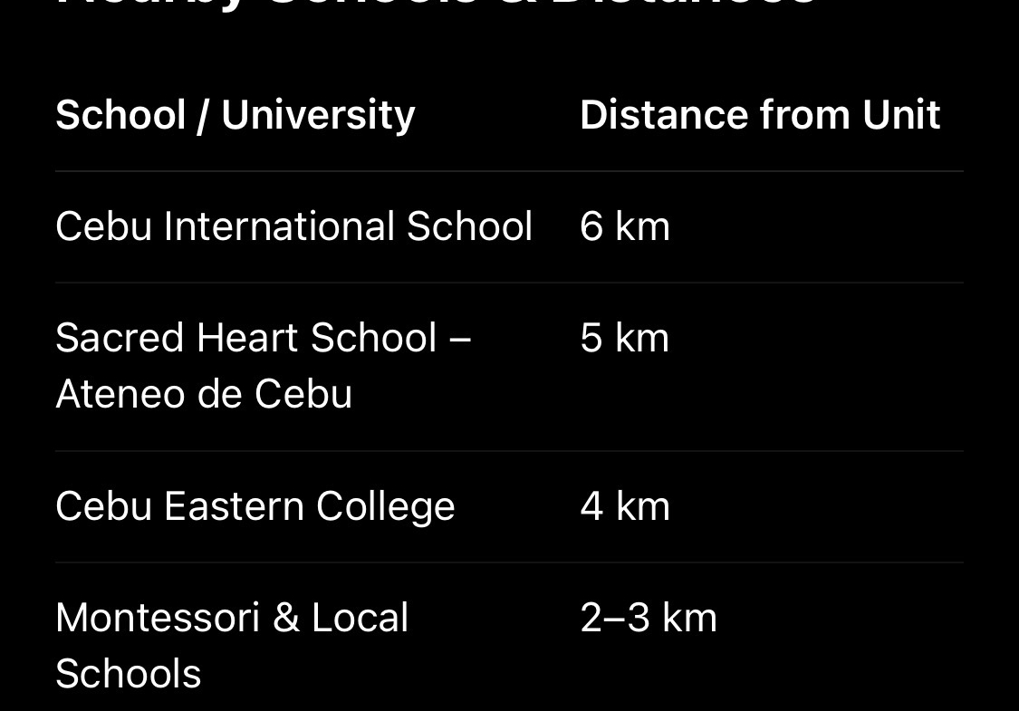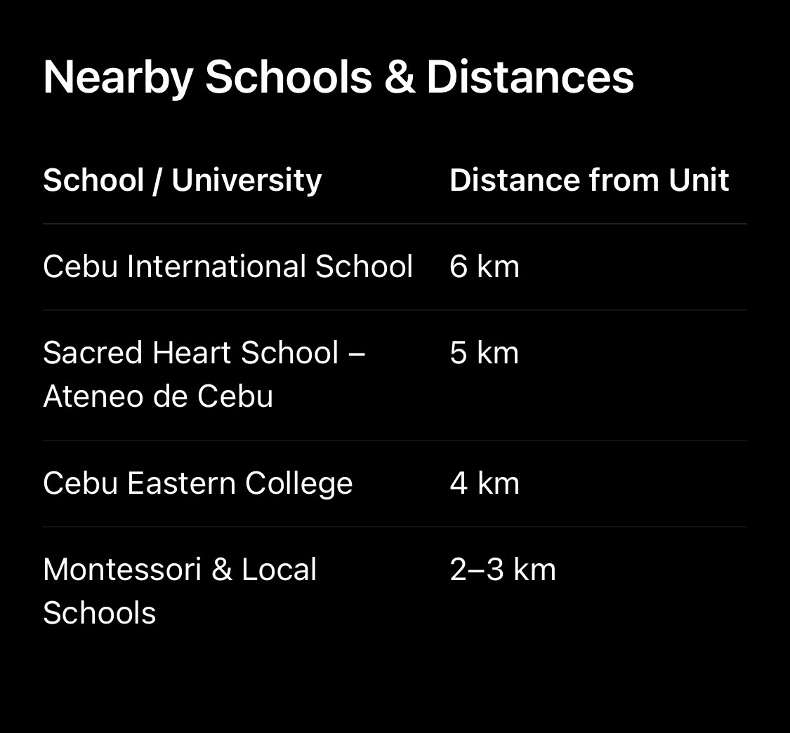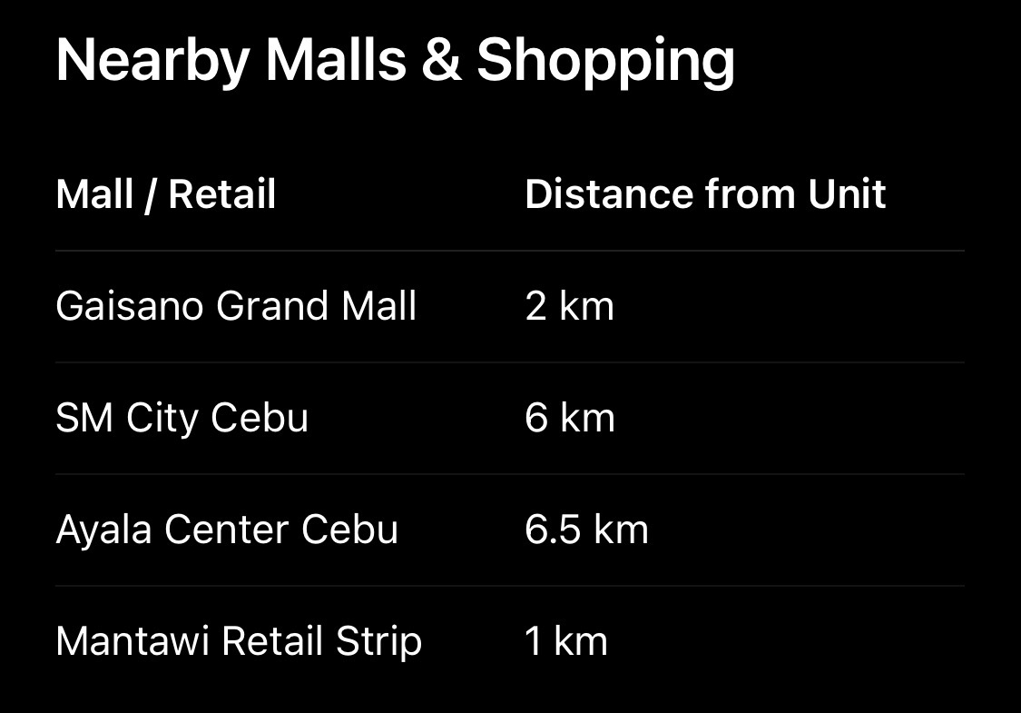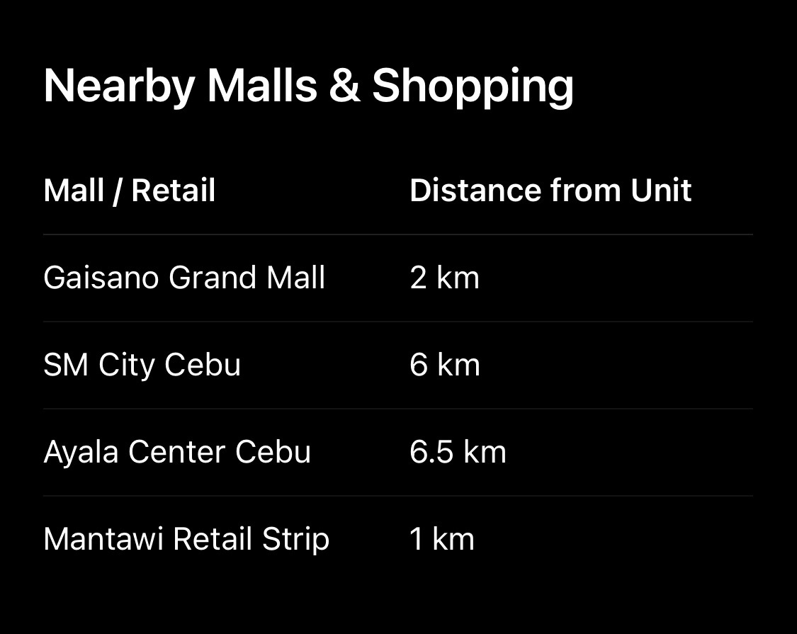 - Cebu IT Park – 8 km (~15–20 mins drive)
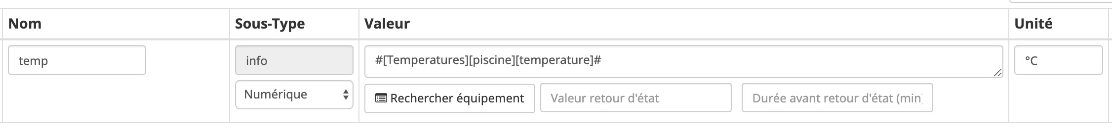 2. Il faut ensuite ajouter une nouvelle info virtuelle, puis lui donner la valeur de la sonde de température de la piscine.
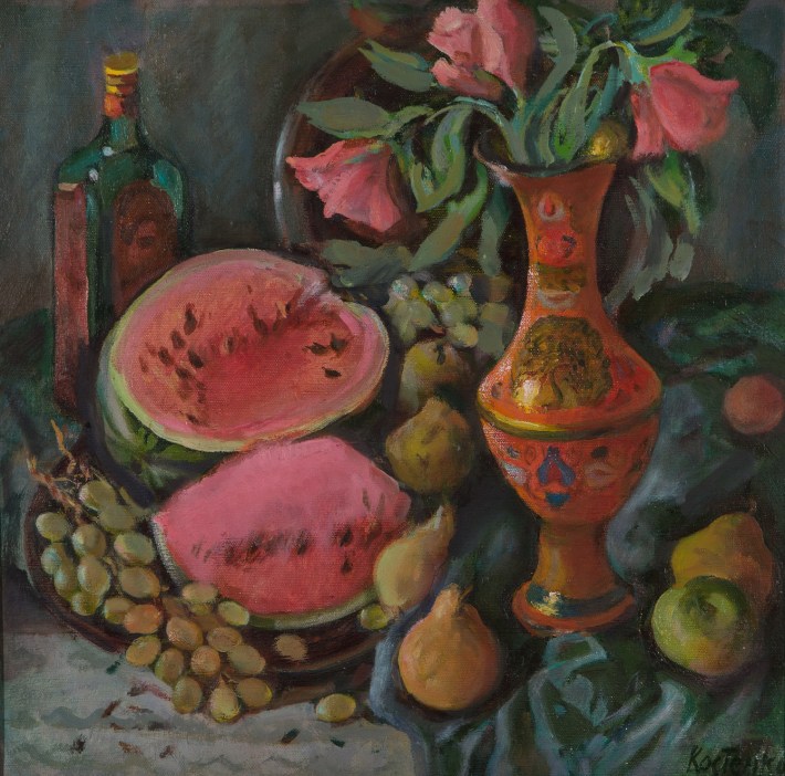 Only print copy on canvas (original sold). Vintage oil painting, original still life signed by USSR artist V.Kostenko. Flowers and fruits.
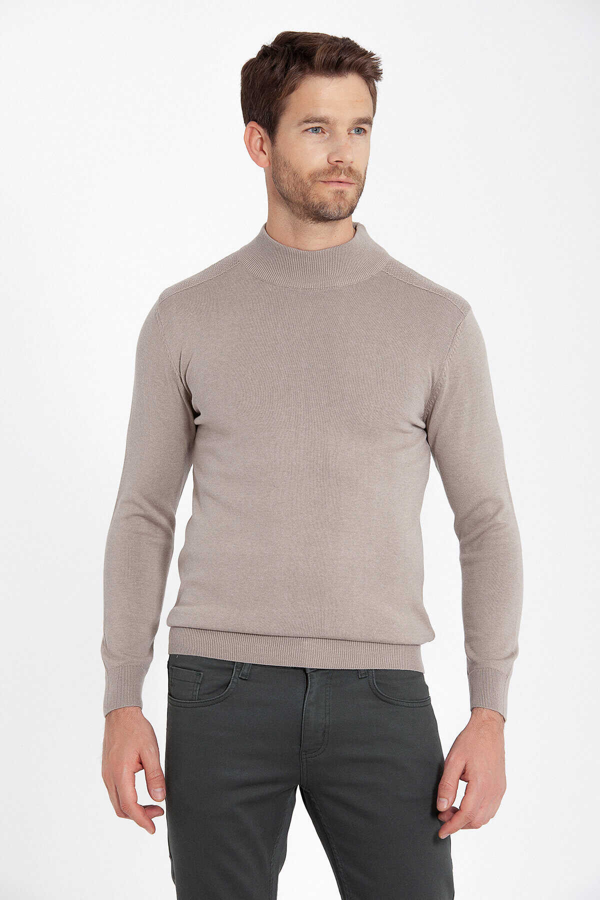 Gri Regular Fit Yarım Balıkçı Yaka Pamuklu Triko Kazak
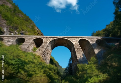 Fototapeta premium A stone arch bridge spans a valley, framed by green trees and a bright blue...
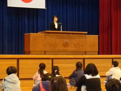 今日は久しぶりに全校児童が体育館に集まり、始業式を行いました。
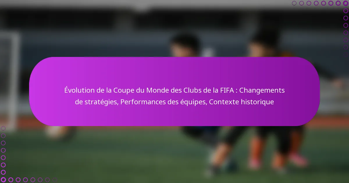 Les stratégies dans la Coupe du Monde des Clubs de la FIFA ont évolué de manière significative au fil des ans, reflétant les changements dans les formations d’équipe, les styles d’entraînement et l’intégration de la technologie. Ces développements ont influencé la manière dont les équipes se produisent sur la scène mondiale, avec des degrés de succès et de lutte variés parmi les participants.
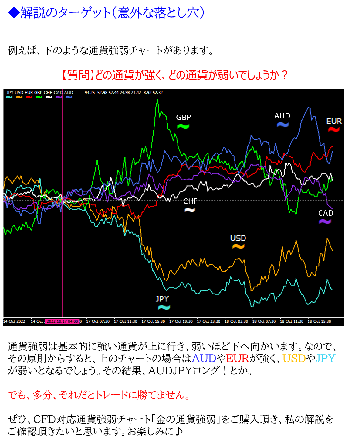 「なぜ通貨強弱チャートで勝てないのか?」 通貨強弱の意外な落とし穴⁉道具を宝物にするための方法を解説!「金の通貨強弱」の特別付録です♪
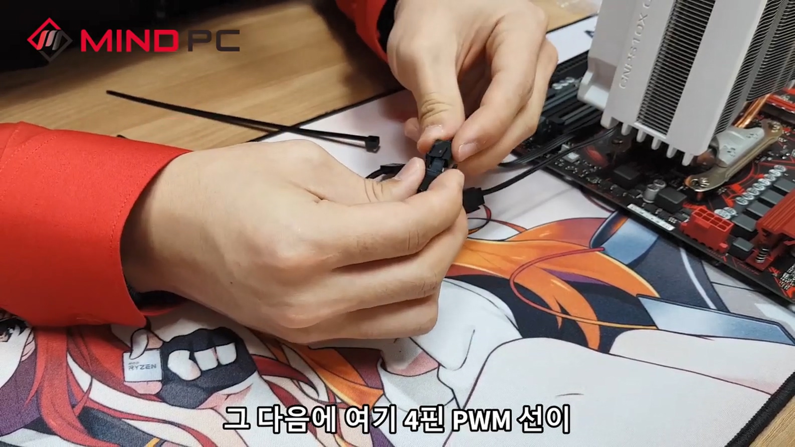 선을 보이지 않게 쿨러 아래쪽으로 넣어주셔도 되고, 케이블 타이로 묶어서 정리하면 깔끔하게 선이 정리됩니다.
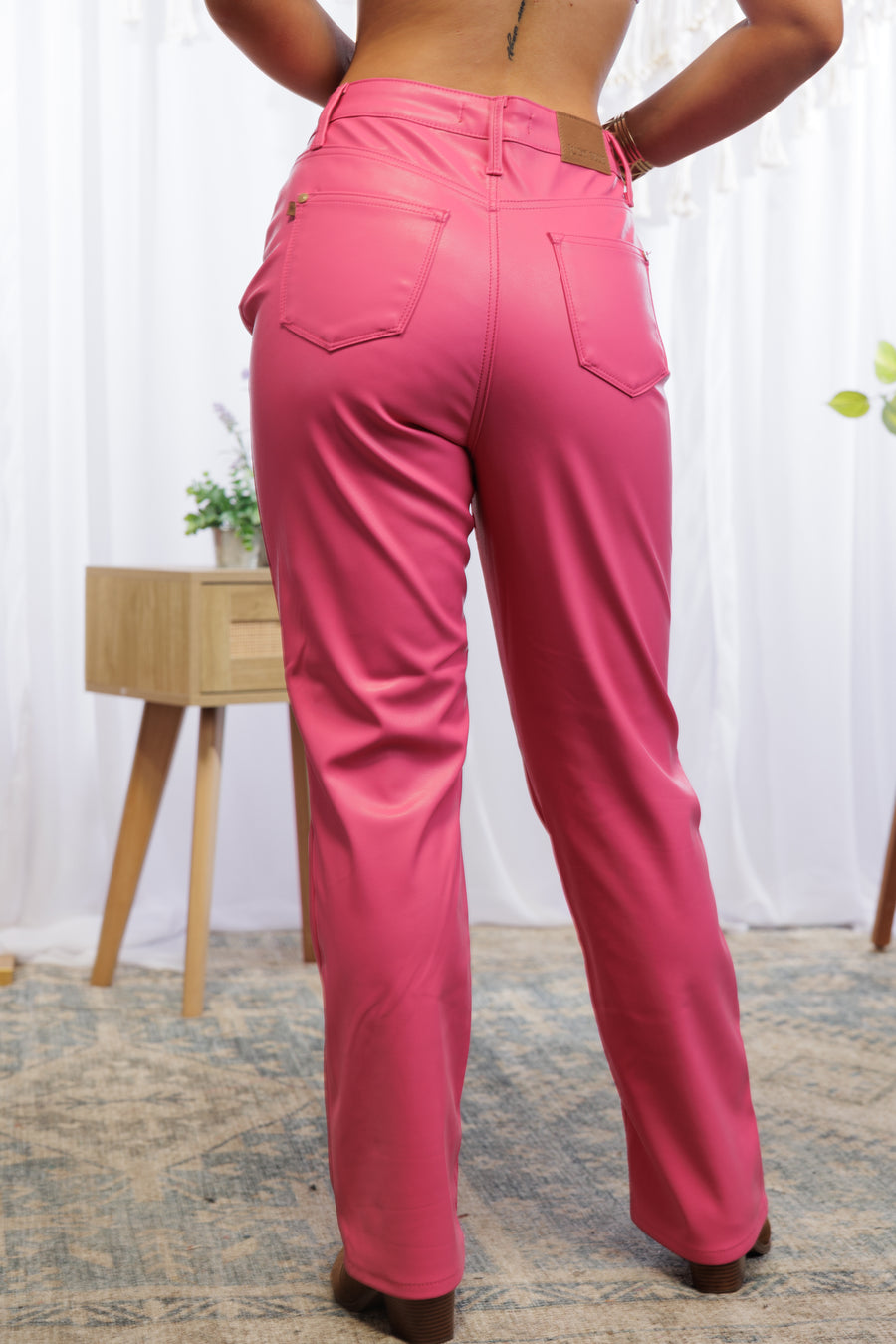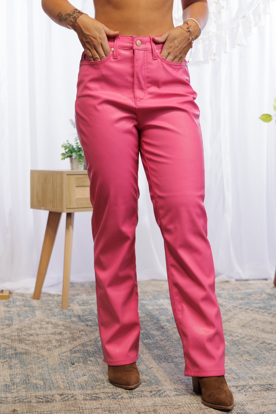 Ready to get a little wild? Our Hey Girl! Tummy Control Judy Blue's are the perfect way to unleash your inner vixen. This hot pink faux leather denim features straight cut legs, a high waist, and a tummy control pannel designed to keep you looking's sizzlin' hot! Plus, with amazing stretch, you can strut around town without worrying about feeling too constricted.
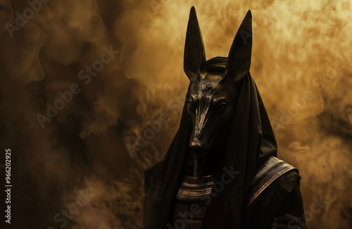 Enigmatic Anubis statue shrouded in golden mist. Ancient Egyptian deity emerges from shadows. Mystical atmosphere evokes power and mythology
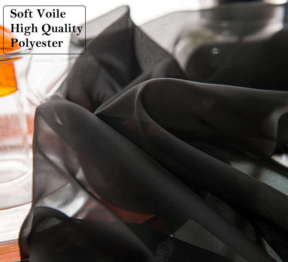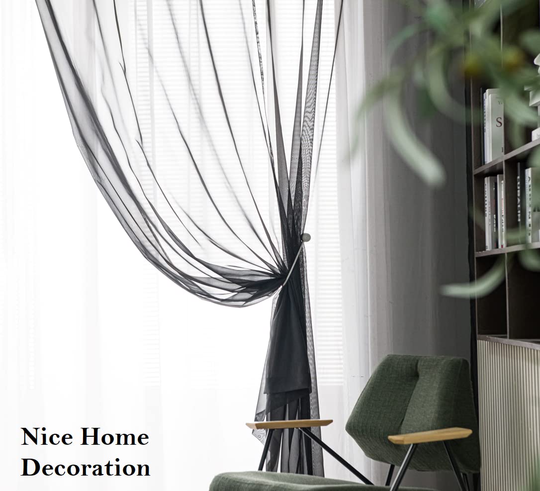 Pi Black Sheer Curtains With Grommets,Hazy Sheer Voile Window Draperies For Home Decoration/Living Room 2 Panels (W52 X L108, Black)
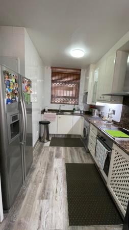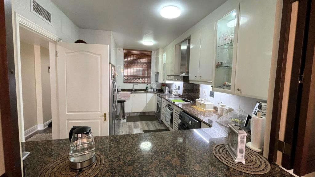Adjacent to the lounge and dining area, is a fully fitted kitchen, boasting an abundance of built-in cupboards and modern appliances, such as a stove, and conveniently plumbed for a washing machine, tumble dryer, and dishwasher.
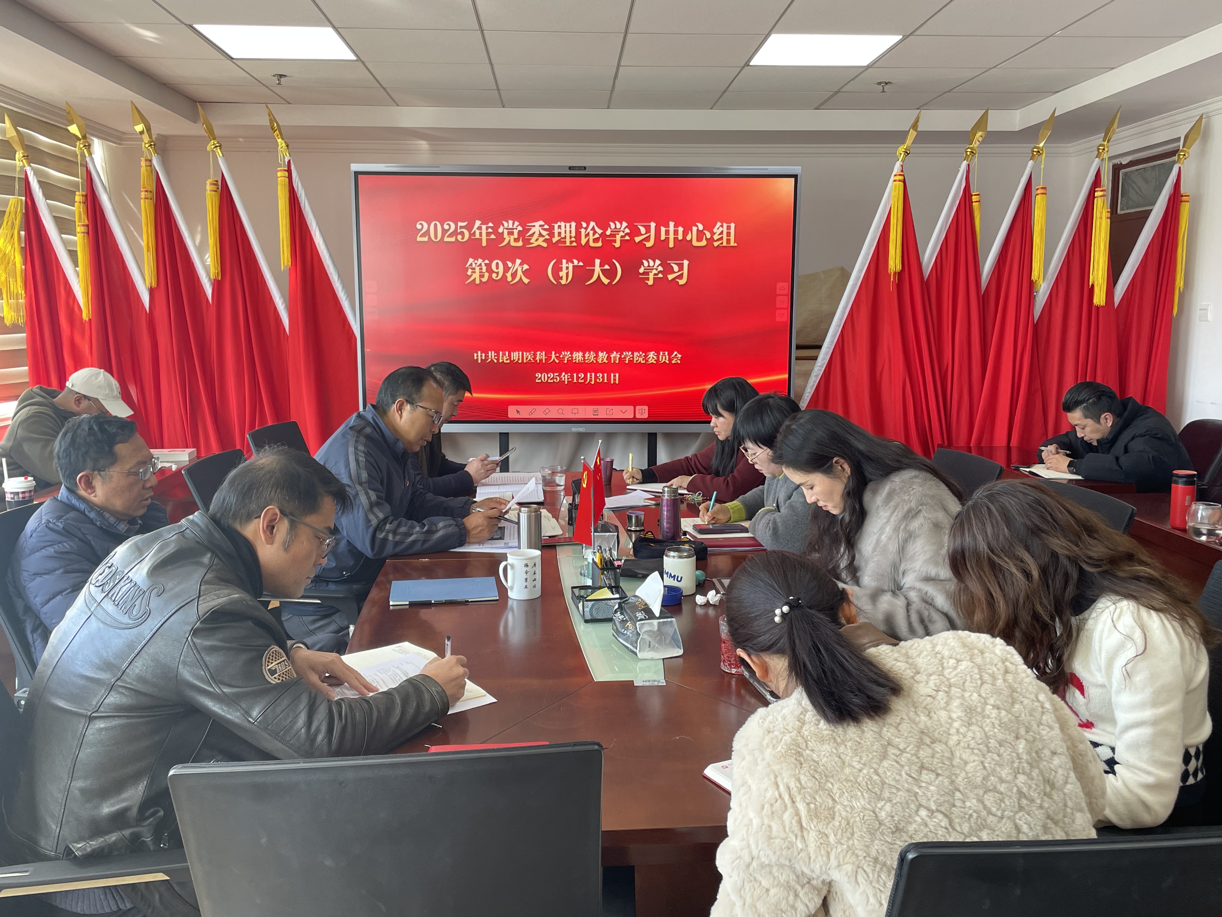 2025 年 12 月 31 日 ,学院召开 2025 年党委理论学习中心组第九次(扩大)学习会。学院党委理论学习中心组成员及全体党员参加学习,以理论武装凝聚发展共识,以规划研讨擘画奋进蓝图。

__________

#### [What to do]
Using the listing above, restate exactly the range between the lines holding "2. Il faut ensuite" and "Adjacent to the", inclusive, with pictures left out.

#### [Exercise answer]
 2. Il faut ensuite ajouter une nouvelle info virtuelle, puis lui donner la valeur de la sonde de température de la piscine.
 Only print copy on canvas (original sold). Vintage oil painting, original still life signed by USSR artist V.Kostenko. Flowers and fruits.
 Gri Regular Fit Yarım Balıkçı Yaka Pamuklu Triko Kazak
 Fototapeta premium A stone arch bridge spans a valley, framed by green trees and a bright blue...
 今日は久しぶりに全校児童が体育館に集まり、始業式を行いました。
 Les stratégies dans la Coupe du Monde des Clubs de la FIFA ont évolué de manière significative au fil des ans, reflétant les changements dans les formations d’équipe, les styles d’entraînement et l’intégration de la technologie. Ces développements ont influencé la manière dont les équipes se produisent sur la scène mondiale, avec des degrés de succès et de lutte variés parmi les participants.
 「なぜ通貨強弱チャートで勝てないのか?」 通貨強弱の意外な落とし穴⁉道具を宝物にするための方法を解説!「金の通貨強弱」の特別付録です♪
 선을 보이지 않게 쿨러 아래쪽으로 넣어주셔도 되고, 케이블 타이로 묶어서 정리하면 깔끔하게 선이 정리됩니다.
 Ready to get a little wild? Our Hey Girl! Tummy Control Judy Blue's are the perfect way to unleash your inner vixen. This hot pink faux leather denim features straight cut legs, a high waist, and a tummy control pannel designed to keep you looking's sizzlin' hot! Plus, with amazing stretch, you can strut around town without worrying about feeling too constricted.
 Enigmatic Anubis statue shrouded in golden mist. Ancient Egyptian deity emerges from shadows. Mystical atmosphere evokes power and mythology
 Pi Black Sheer Curtains With Grommets,Hazy Sheer Voile Window Draperies For Home Decoration/Living Room 2 Panels (W52 X L108, Black)
Adjacent to the lounge and dining area, is a fully fitted kitchen, boasting an abundance of built-in cupboards and modern appliances, such as a stove, and conveniently plumbed for a washing machine, tumble dryer, and dishwasher.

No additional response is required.